Look at the data frame again. Notice how Date and Time column is showing <em>object</em> as the data type.

In [None]:
df1.dtypes

<strong>Use .to_datetime to convert datetime data type:</strong>

In [None]:
df1['Date'] = pd.to_datetime(df1['Date'], format = '%m/%d/%Y')

In [None]:
df1.head(10)

In [None]:
df1.dtypes

Find the difference between two dates in the dataset and look at the result.

In [None]:
df1['Date'][6] - df1['Date'][0]

The differrence between the two dates is returned.
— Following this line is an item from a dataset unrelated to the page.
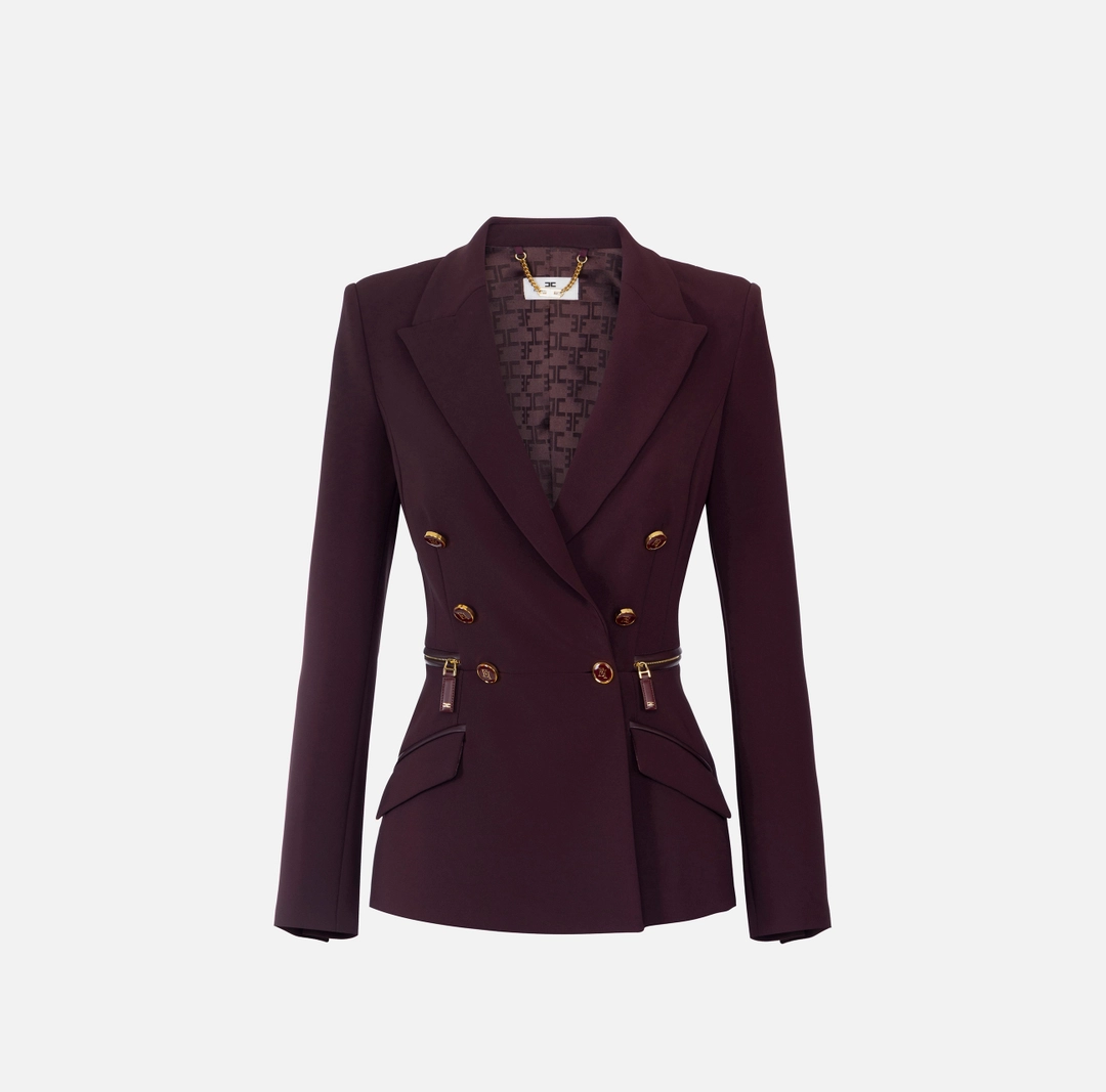 Giacca doppiopetto in crêpe leggero. Il blazer ha spalle strutturate, rever a lancia, patte applicate. Impreziosita dai bottoni smaltati con logo e dai dettagli di zip che definiscono il punto vita. Vestibilità slim. Parte della collezione Essential, per costruire il guardaroba perfetto.

A time stamp is also returned which gives the difference in hours:minutes:seconds.

<em>Now with Time:</em>

In [None]:
df1['Time'] = pd.to_datetime(df1['Time'], format = '%H:%M:%S')

In [None]:
df1['Time'][6] - df1['Time'][0]

<h2>More ways to find other information from the datetime64 data type</h2>

In [None]:
df1['Date'][1]

In [None]:
#Find the day
df1['Date'][1].day

In [None]:
#Find the month
df1['Date'][1].month

In [None]:
#Find the year
df1['Date'][1].year

<h1>Selecting columns based on data types</h1>

<strong>Use .select_dtypes() to select columns based on their data types:</strong>

In [None]:
#First, revisit the data types for df1
df1.dtypes

In [None]:
#Now create a new DataFrame named decimals which contains the columns from df1 with the data type float64
decimals = df1.select_dtypes('float')

#Show first 5 data
decimals.head()

In [None]:
decimals.dtypes

<strong>Add <em>exclude</em> parameter to exclude certain data types:</strong>

In [None]:
#Create a DataFrame which does not contain any column with the object data type
number_data = df1.select_dtypes(exclude = 'object')

In [None]:
number_data.head()

In [None]:
number_data.dtypes

<h1>Additional ways of working with data types.</h1>

<strong>Changing data types while importing data:</strong>

In [None]:
#Create a dictionary which contains the column and its to-be-modified data type as key-value pair
dtypes_dict = {'Depth': 'object'}

In [None]:
#Change column Depth data type to object at the time o reading the data
df3 = pd.read_csv('significant_earthquakes.csv', dtype = dtypes_dict)

In [None]:
df3.dtypes

Data types also influence the memory usage of the data set. To see the the memory being consumed by the dataset, use .info()

In [None]:
df3.info()

<strong><em>Category</em> data type to save memory:</strong>

Data type <em>category</em> can be used for columns containing categorical data. Usually, it is seen that categorical columns have ‘object’ data type.  The data type for such columns can be changed to ‘categorical’ as shown to save memory.

In [None]:
dtypes1 = {
    'Type': 'category',
    'Status': 'category',
    'Source': 'category',
    'Location Source': 'category',
    'Magnitude Source': 'category',
    'Magnitude Type': 'category'
}

df4 = pd.read_csv('significant_earthquakes.csv', dtype = dtypes1, parse_dates = ['Date', 'Time'])

In [None]:
df4.info()

The memory usage reduces from 172 KB to 131.5 KB. Therefore, it is important to have the right kind of data type for each column.